It is not always desirable to go through the full process of creating a dependency graph and pseudo code for each project or change. Here, we will transition directly from the preceding plan to the following code stubs.
Mapping requirements directly to code
Writing the physics simulator
The physics simulator in src/physics.rs is responsible for modeling the physics and layout of the building and elevator operations. The simulator will be provided with one object to handle motor control and another to handle data collection. The physics simulator module will define traits for each of those interfaces, and the motor control and data collection objects should implement each trait, respectively.
Let's start by defining some of the type declarations for the physics module. First, let's look at a key interface—the direct motor input. Until this point, we have assumed that motor input will have simple voltage control that we can represent as a positive or negative floating point integer. This definition is problematic, mainly in the sense that all references to this type will reference f64. This type specifies a very specific data representation with no room for adjustment. If we litter our code with references to this type, then any changes will require us to go back and edit every one of the references.

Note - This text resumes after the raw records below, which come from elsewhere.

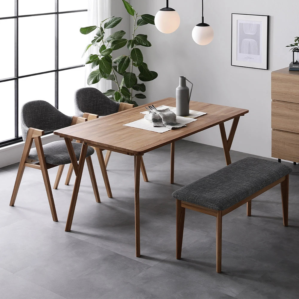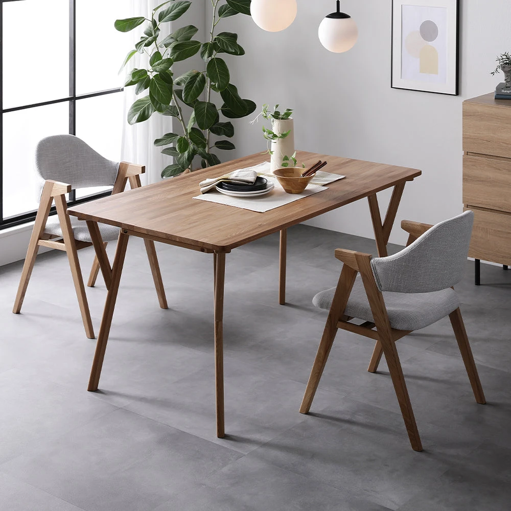 暮らしに馴染む質感が続く、天然木無垢の北欧ダイニング アッシュグレー 3点セット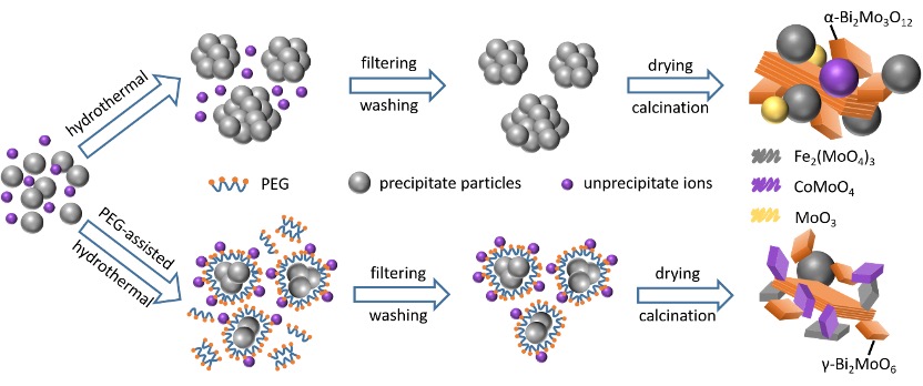 论文指出,异丁烯选择氧化生成甲基丙烯醛(MAL)是甲基丙烯酸甲酯(MMA)生产工艺至关重要的一步反应,催化剂的性能决定了MMA的品质与产量。该研究采用PEG辅助水热法制备一系列Mo-Bi系复合氧化物催化剂。PEG在制备过程中不仅能够与金属离子络合,减少催化剂中Co和Cs元素的流失,而且能够包裹颗粒,抑制颗粒团聚,细化催化剂颗粒尺寸,还能够削弱催化剂酸性,优化活性组分结构。将催化剂应用于异丁烯选择氧化制MAL反应中后发现PEG的添加能够显著提高MAL的选择性,从77%提高至91%。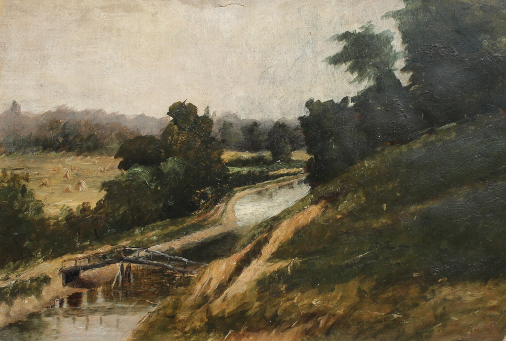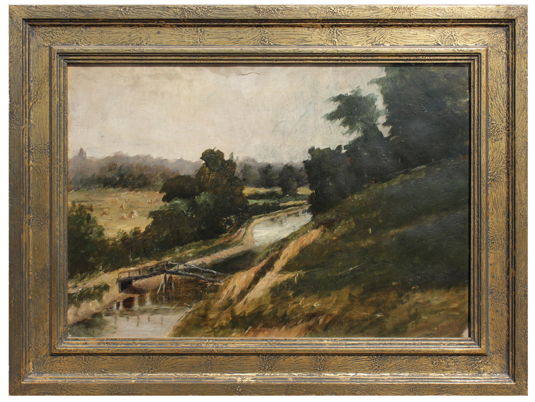 TURN OF THE CENTURY AMERICAN SCHOOL COUNTRY LANDSCAPE PAINTING: Oil/Canvas, sight size 12 1/2'' x 17 3/4'', no visible signature, encased in painted frame, 17'' x 22 1/2''.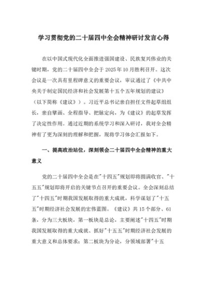 / 【七哥公文】2025年:学习贯彻党的二十届四中全会精神研讨发言心得+更多免费公文+VX:QiGeGongWen2024

Instead, for the motor input type, let's provide a name for the type. This could be an alias for the f64 type, which would solve the immediate concern. Though this is acceptable, we will choose to be even more explicit with the type definition and provide enum cases for up and down. The enum type, also known as a tagged union, is useful to define data that may have multiple structures or use cases. Here, the constructors are identical, but the meaning of each voltage field is opposite.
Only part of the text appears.